Whenever I give a workshop on blogging, invariably, a teacher will ask what I think about leaving students’ original misspellings (or invented spelling), incorrect grammar, lack of punctuation in the entries. I believe, without a doubt, we want our students to arrive at publication that is polished… students should be asked to go back and fix mistakes, and if they aren’t able to find the mistakes, then it’s a perfect opportunity for mini-lessons on the skills.

HOWEVER… why aren’t we showing all steps to the final product? What is so wrong in publishing each draft along with the final polished draft? This transparency would show the student’s steps of learning, showing both growth as well as struggles. And, if a student is not yet able to attain a certain skill (even after additional mini lessons on the desired skill), then what is the point of the teacher fixing the errors? Doesn’t that just “cloud” the “snapshot” or continuum stage that the student is at? Everything looks perfect on the blog, for instance, but then the student’s report card says otherwise?

And what is so wrong in showing our sloppy mistakes and struggles? Isn’t that what school is all about? Aren’t we there to perfect our skills and get to the level where our work is truly “polished?”

Why are we reticent to show the struggles students experience, the “bumpy” journey of learning, the truth that students will attain skills at different stages and pacing from their peers, and present only the final PRODUCT, which can never encapsulate the story of where the student started and how he/she got to this end.

Recently, my after school Tech Group presented their work-in-progress to parents. This group of students have completed all work as a collective group, with very little input from me. All decisions have been made by the students. The entire presentation was put together by the students… in fact, I barely knew what they were going to present until I heard it for the first time, along with the parents.

At first, you could see the parents were a bit uncomfortable with this method.

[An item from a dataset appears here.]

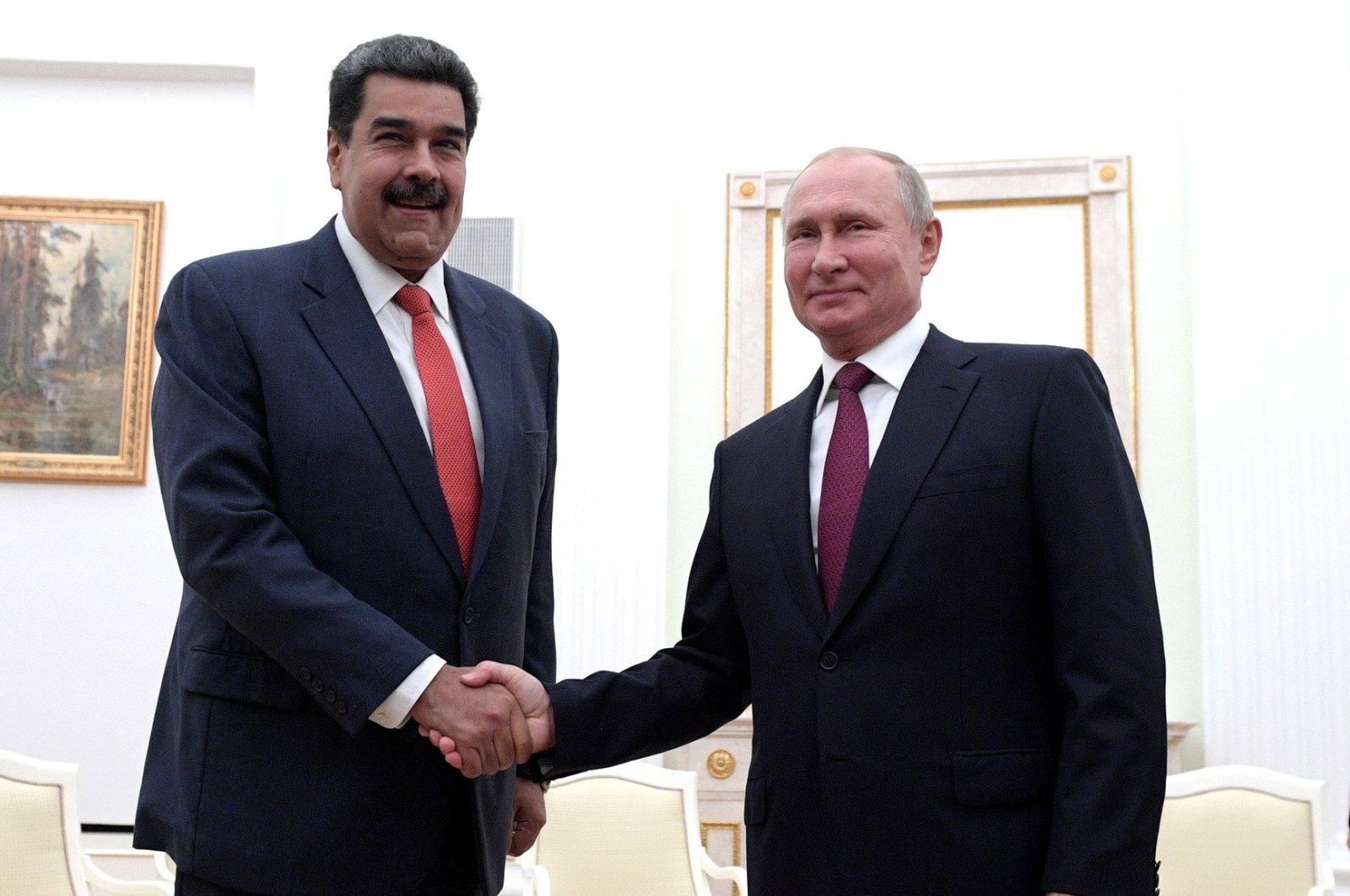 Venezuelan President Nicolás Maduro (left) and Russian President Vladimir Putin (right) shake hands during their meeting in Moscow, Russia, September 27, 2019. Photo: Anadolu Agency.

They kept asking the students about what had already been accomplished, or what will be accomplished, or, what PRODUCT they had to show. Since the students are really at the beginning of their work (i.e., are closer to the beginning of the journey and still making decisions on what their goals are), they presented their ideas, how the ideas were created, what plans they might have, what decisions they had already made, and what the next steps were going to be.

Parents were seeing the process of them actually building their work. In fact, during the presentation, there were several times when the students began generating new ideas and broke into discussion between themselves, with the parents suddenly relegated to the role of witnesses. The last part of the students’ presentation was taking questions and comments from the parents. The students have used some of the parents’ feedback in their subsequent meetings as they continue their work.

It took a while, but I think the parents finally understood that they were not there to hear a “finished” work being presented. The students never promised such an event, and in fact, it was the parents who had originally asked the students to present what they had accomplished so far.

From where I stood, it was a marvelous experience: parents got to see the very rare building of the work (something usually shrouded and mysterious) and the students were able to get great feedback and accolades during the process of the work they’ve been doing.

There were no “projects” to take home that evening. Instead, everyone left energized and there was a feeling of excitement for not only of what was yet to come, but what was being created right before our very eyes.